### ABOUT THIS EXERCISE
Would you please repeat all of the data exactly, omitting the pictures?

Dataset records
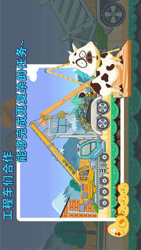 用挖掘机挖土,给土方车装石块,用吊车把小树种好,让装载机压平地面……多种互动,让孩子认识工程车的功能。
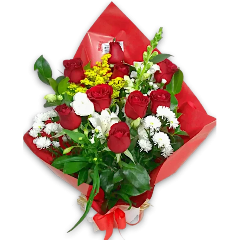 Buquê de Rosas, Vinho Tinto, Mix de castanhas, Mix de amendoins, Talento, Balão...
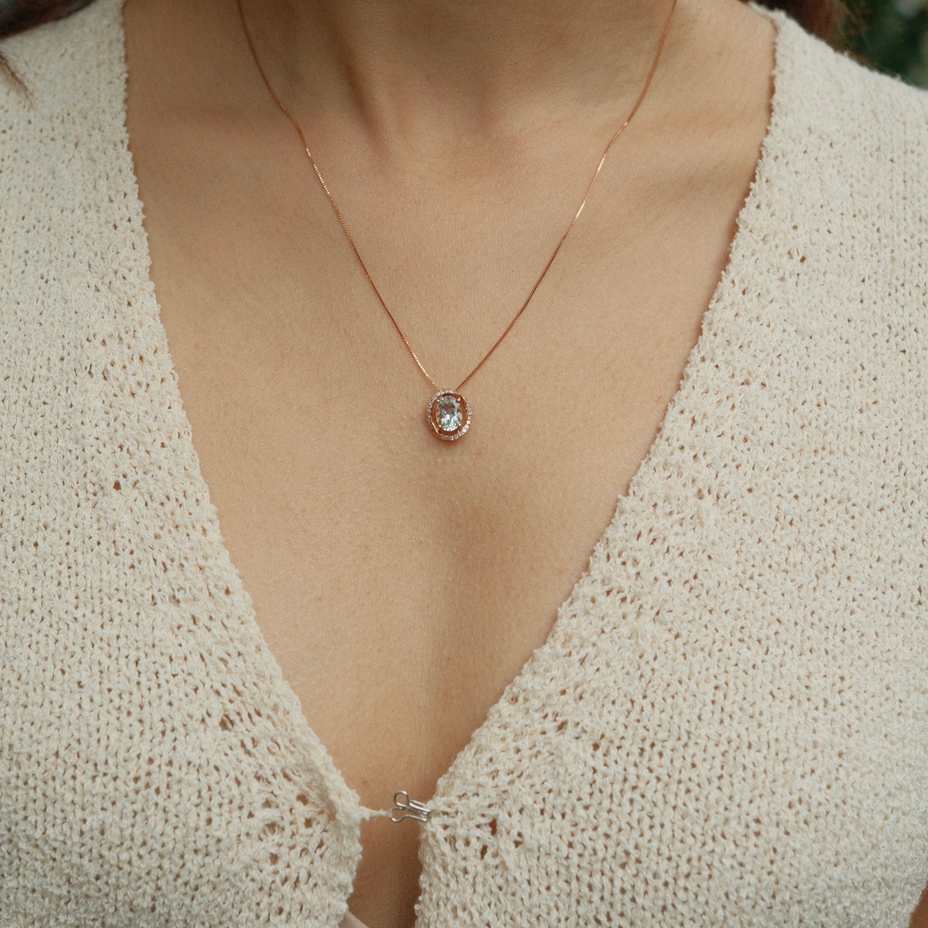 This elegant 14K rose gold necklace features an Oval Aquamarine pendant accented with 0.05 carats of Diamonds, elegantly suspended on an 18-inch chain.
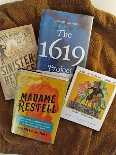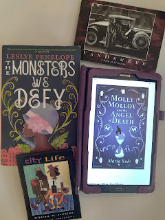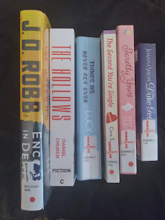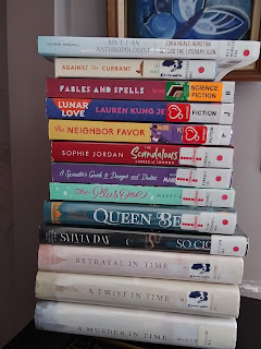 Still joyously chugging through my library jackpot pile of books shared last week (+ one more because my self-control is non-existent when it comes to books).;-)
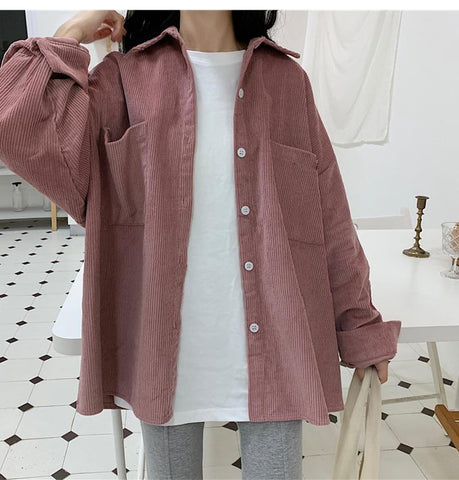 Long Sleeve Loose Corduroy Shirt
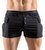 Svarta shorts från Svenjoyment i ett lätt stretchmaterial med trendig, matt finish. I en workerstyle med tryckknappar framtill samt 2 stora fickor på sidorna och 2 fickor baktill - alla fickor har tryckknappslock.
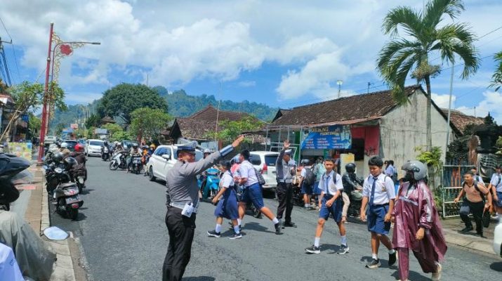 Bubaran Anak Sekolah, Unit Lantas Polsek Bangli Laksanakan Pengaturan di Depan SPMN 1 Bangli
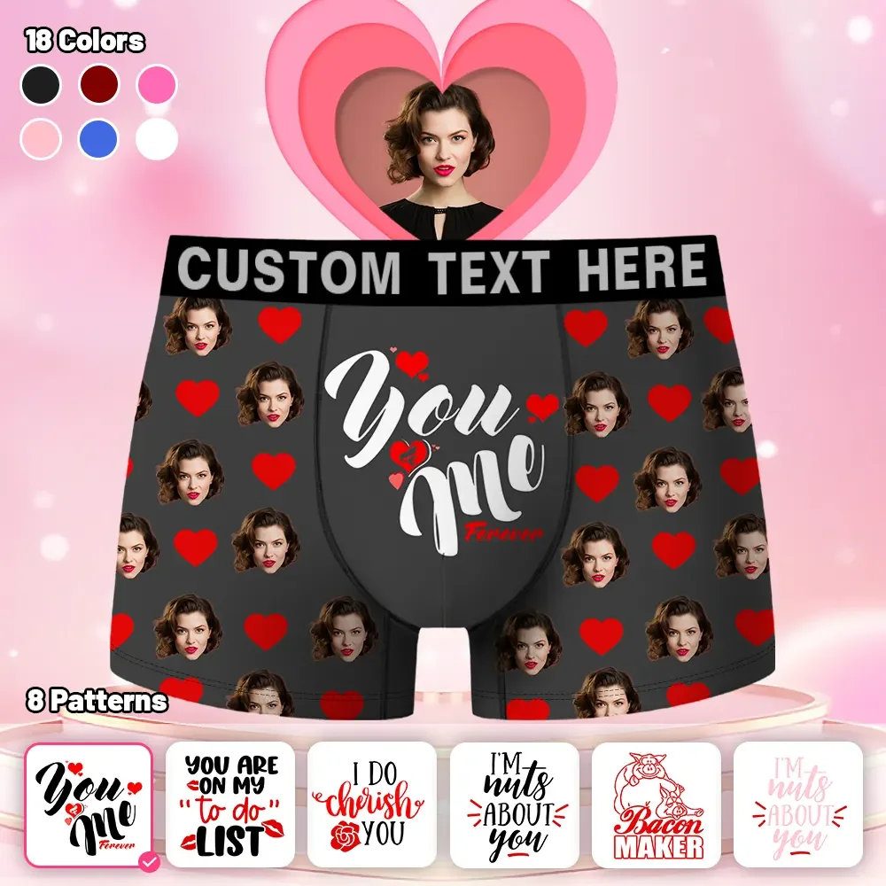 On special occasions like Valentine's Day, an anniversary, or a birthday, you hand him a box, and when he opens it, he'll be met with a look of surprise (and maybe even laughter) at these one-of-a-kind underwear. Brightly printed—his (or your) face, hearts, and custom text. Imagine him wearing them on lazy Sundays, or as a hidden "I love you" underneath his work clothes.
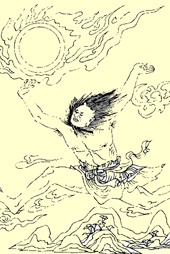 “夸父逐日”讲的是上古时期,神人夸父追赶太阳,最后被太阳烤死的故事。古籍《山海经》对此有详尽描述:“夸父与日逐走,入日,渴欲得饮。饮于河、渭,河、渭不足;北饮大泽,未至,道渴而死。弃其杖,化为邓(桃)林。”这段记述是说:夸父追赶太阳,追至太阳身边,因炎热而口渴,喝干了江河仍嫌不足,于是,欲饮沼泽之水,未等喝到,不幸渴死。手杖弃于路边,竟长成一片桃林。

### SOLUTION BELOW
 用挖掘机挖土,给土方车装石块,用吊车把小树种好,让装载机压平地面……多种互动,让孩子认识工程车的功能。
 Buquê de Rosas, Vinho Tinto, Mix de castanhas, Mix de amendoins, Talento, Balão...
 This elegant 14K rose gold necklace features an Oval Aquamarine pendant accented with 0.05 carats of Diamonds, elegantly suspended on an 18-inch chain.
 Still joyously chugging through my library jackpot pile of books shared last week (+ one more because my self-control is non-existent when it comes to books).;-)
 Long Sleeve Loose Corduroy Shirt
 Svarta shorts från Svenjoyment i ett lätt stretchmaterial med trendig, matt finish. I en workerstyle med tryckknappar framtill samt 2 stora fickor på sidorna och 2 fickor baktill - alla fickor har tryckknappslock.
 Bubaran Anak Sekolah, Unit Lantas Polsek Bangli Laksanakan Pengaturan di Depan SPMN 1 Bangli
 On special occasions like Valentine's Day, an anniversary, or a birthday, you hand him a box, and when he opens it, he'll be met with a look of surprise (and maybe even laughter) at these one-of-a-kind underwear. Brightly printed—his (or your) face, hearts, and custom text. Imagine him wearing them on lazy Sundays, or as a hidden "I love you" underneath his work clothes.
 “夸父逐日”讲的是上古时期,神人夸父追赶太阳,最后被太阳烤死的故事。古籍《山海经》对此有详尽描述:“夸父与日逐走,入日,渴欲得饮。饮于河、渭,河、渭不足;北饮大泽,未至,道渴而死。弃其杖,化为邓(桃)林。”这段记述是说:夸父追赶太阳,追至太阳身边,因炎热而口渴,喝干了江河仍嫌不足,于是,欲饮沼泽之水,未等喝到,不幸渴死。手杖弃于路边,竟长成一片桃林。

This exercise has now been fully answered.